On May 29, 2023, President Bola Tinubu raised the hopes of Nigerians with his pledge to “remodel our economy to bring about growth and development through job creation, food security and an end of extreme poverty.” Since then, Tinubu has also spoken about growing the economy at double-digit rates to US$1 trillion in six years, ending misery, and bringing immediate relief to Nigeria’s cost-of-living crisis. On listening to this, Nigerians must have breathed a sigh of relief after their experience with ex-President Buhari’s 8 years of economic misadventure.

Tinubu laid out no plans for the ‘remodeling’ of the economy but soon embarked on a cocktail of policies to achieve it. In May 2023, he eliminated PMS subsidies, and a month later, the CBN implemented a new foreign exchange policy that unified the multiple official FX windows into a single official market. More policies followed in rapid succession: the tightening of monetary policy to reduce Naira liquidity, a hike in monetary policy rates, the introduction of cost-reflective electricity tariff, and a cybersecurity tax.

Predictably, 12 months on, Tinubu’s pledge of growing the economy and ending misery remains unfulfilled. His actions or inactions have significantly worsened Nigeria’s macroeconomic stability. Nigeria remains a struggling economy and is more fragile today than it was a year ago. Indeed, all the economic ills – joblessness, poverty, and misery – which defined the Buhari-led administration have only exacerbated. Africa’s leading economy has slipped to the 4th position lagging behind Algeria, Egypt, and South Africa. Citizens’ hopes have been dashed (and not renewed contrary to the propaganda of the administration) as Nigeria’s economic woes have multiplied.

How and why did we get here?

In my press statement on the state of our economy, earlier this year, I expressed my concerns about the downside risks of unleashing reforms without sequencing; without any ideas on how to implement them; and without any regards to their potential and real devastating consequences. Implementing policies without proper planning and a clear destination is nothing other than trial-and-error economics.

My concerns have not diminished. I will focus on just four areas to underscore those downside risks associated with Tinubu’s reform measures and their dire consequences on Nigeria’s medium to long-term growth and development.

First, President Tinubu’s policies do not create prosperity. Instead, they pauperize the poor and bankrupt the rich. They spare no one. Nigerian citizens, the majority of whom are poor, are going through the worst cost-of-living crisis since the infamous structural adjustment programme of the 1980s. The annual inflation rate at 33.69% is the highest in nearly 3 decades. Food prices are unbearably higher than what ordinary citizens can afford as food inflation soared to 40.53% in April, the highest in more than 15 years.

Nigerian citizens have to pay 114% more for a bag of rice, 107% more for a bag of flour, and 150% more in transport fares relative to May 2023. Today, in some locations, motorists are paying 305% more for a litre of fuel. Yet, on a minimum wage of the equivalent of US$23 per month, Nigerian workers are among the lowest wage earners in the world. Tinubu had the ‘courage’ to remove subsidy on PMS and impose additional taxes on his people but lacks the compassion to raise the minimum wage or implement a social investment programme that would reduce the levels of vulnerability, and deprivation of workers and their families.

Second, President Tinubu’s policies create a hostile environment for businesses, big or small.

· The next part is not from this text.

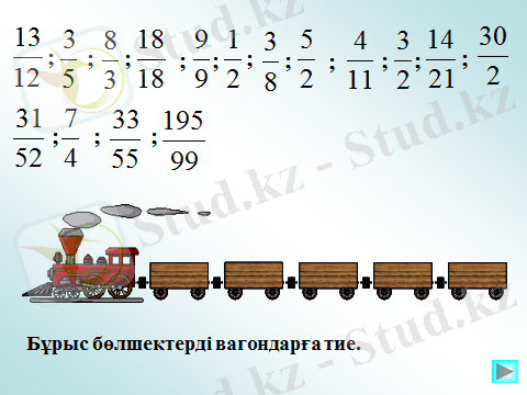Оқушылар есептердің мәні бойынша бірігіп 3 топ құрайды, «Дұрыс бөлшектер», «Бұрыс бөлшектер», «Натурал сандар". сабақ құралдарын тексеріп, орналасады.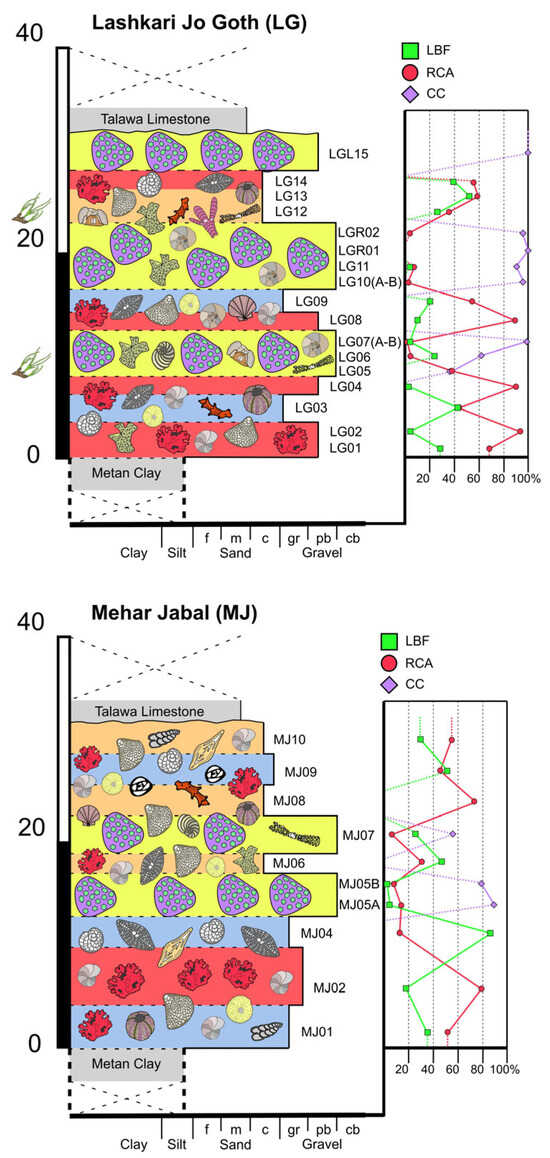 Stratigraphic logs of LG (top) and MJ (bottom) sections, showing the biofacies and the skeletal components recognized in the field and laboratory analyses. The abundances of large benthic foraminifera (LBF; green squares), red calcareous algae (RCA; red circles), and reef corals (CC; violet rhombus) in each sample, derived from the point-counting, are reported on the right side of the logs. Seagrass-related facies are marked by a large seagrass symbol on the side of the log. The key to the symbols is the same as for Figure 3.

The private sector is overwhelmed by Tinubu’s dismal policies and overburdened by his failure to address the policy fallouts. The manufacturing sector, which holds the key to higher incomes, jobs, and economic growth, has been bogged down by rising input prices, higher energy and borrowing costs, and exchange rate complexities. For example, since 2023, the average price of diesel has doubled to N1,600 per litre. Electricity tariff has recently been increased by 250% from N68/Kwh to N206/Kwh. As reported by the Guardian (13 May 2024), in Q1 of 2024, energy prices were up by 70%, costing manufacturers N290 billion.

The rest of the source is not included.